■ **What you are asked to do**
Only one stretch of the material below is wanted: everything from the line containing "9/21(四)『開放共享的大數據新樂園』 IBM《資料科學新未來》實境式論壇" down to the line containing "dit Emmanuel Macron.", both ends included. Repeat it exactly and skip the pictures.

Start of Source material

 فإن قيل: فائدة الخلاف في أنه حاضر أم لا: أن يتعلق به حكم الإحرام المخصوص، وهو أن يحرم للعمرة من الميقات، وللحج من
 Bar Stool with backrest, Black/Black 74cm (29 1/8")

End of Source material
Start of Source material

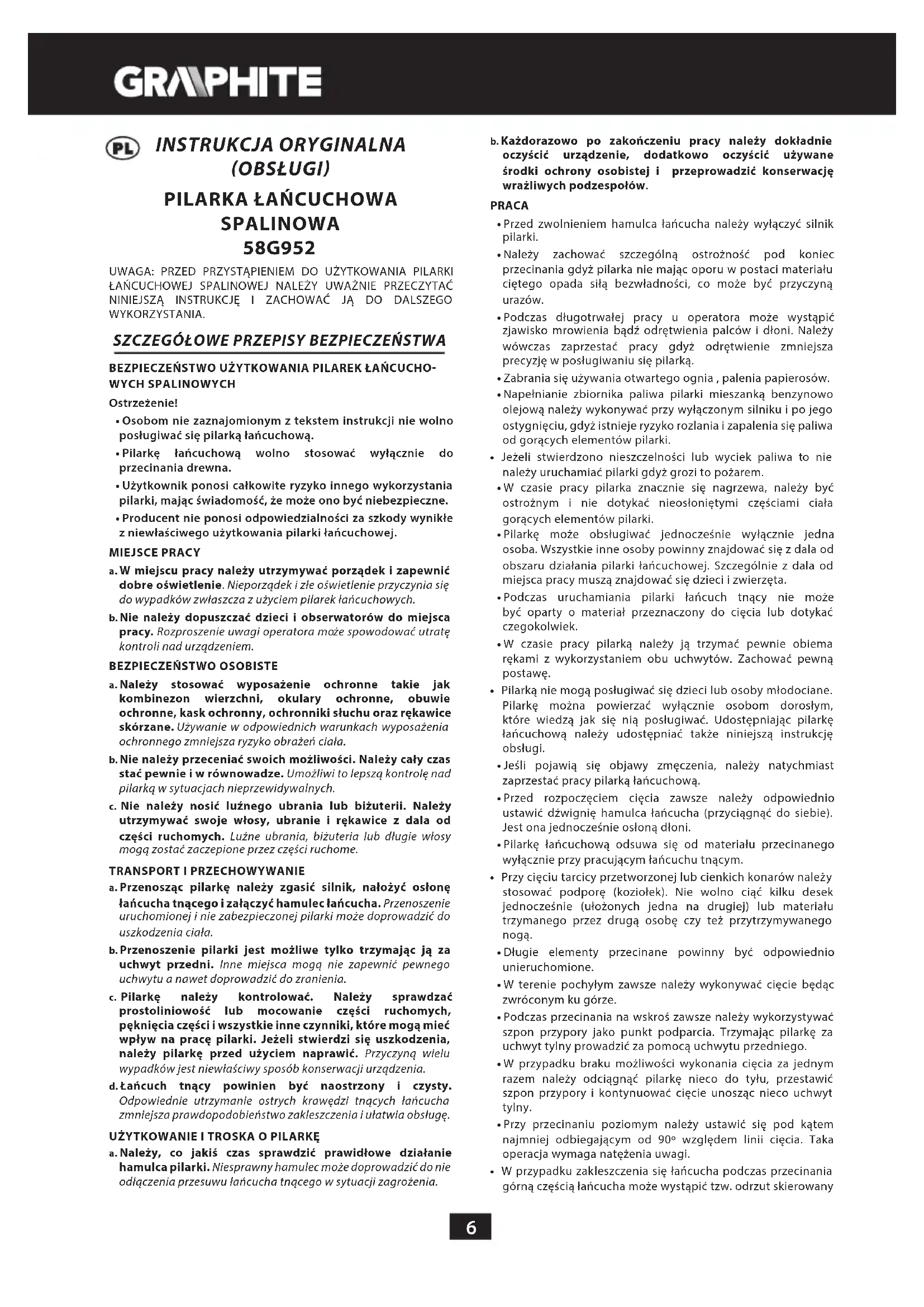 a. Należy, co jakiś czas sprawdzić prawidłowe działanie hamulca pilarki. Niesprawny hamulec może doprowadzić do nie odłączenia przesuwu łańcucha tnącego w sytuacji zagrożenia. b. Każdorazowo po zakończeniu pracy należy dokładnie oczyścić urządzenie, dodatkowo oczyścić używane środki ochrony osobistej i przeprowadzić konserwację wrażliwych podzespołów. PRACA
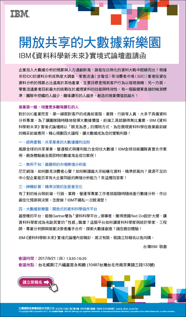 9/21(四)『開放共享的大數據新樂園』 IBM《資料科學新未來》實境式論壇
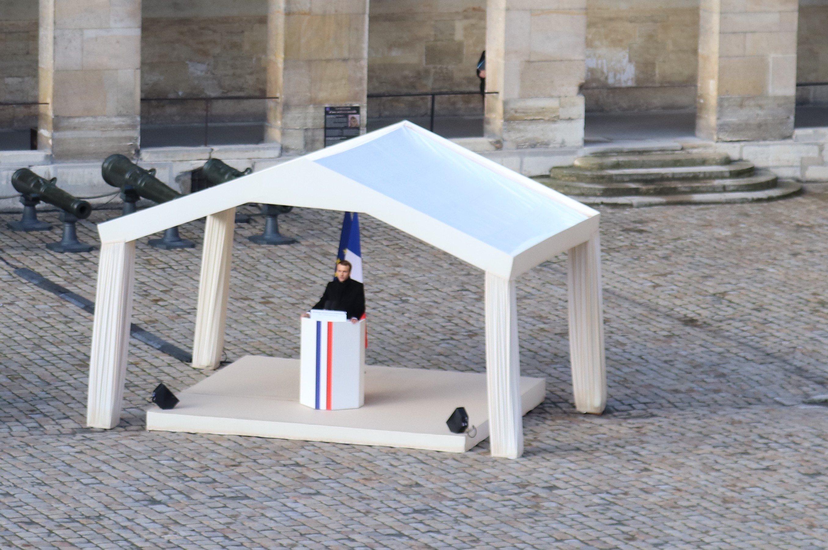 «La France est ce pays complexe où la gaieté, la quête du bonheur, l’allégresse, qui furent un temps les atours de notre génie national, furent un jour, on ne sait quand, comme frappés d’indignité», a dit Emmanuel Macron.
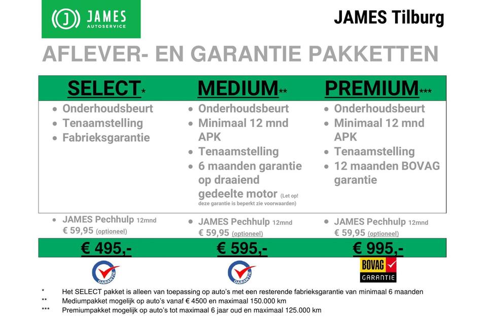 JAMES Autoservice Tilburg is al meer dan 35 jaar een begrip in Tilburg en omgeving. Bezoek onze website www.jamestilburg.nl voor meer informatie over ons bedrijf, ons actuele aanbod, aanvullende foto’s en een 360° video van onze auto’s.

End of Source material

■ **Answer to the exercise**
 9/21(四)『開放共享的大數據新樂園』 IBM《資料科學新未來》實境式論壇
 «La France est ce pays complexe où la gaieté, la quête du bonheur, l’allégresse, qui furent un temps les atours de notre génie national, furent un jour, on ne sait quand, comme frappés d’indignité», a dit Emmanuel Macron.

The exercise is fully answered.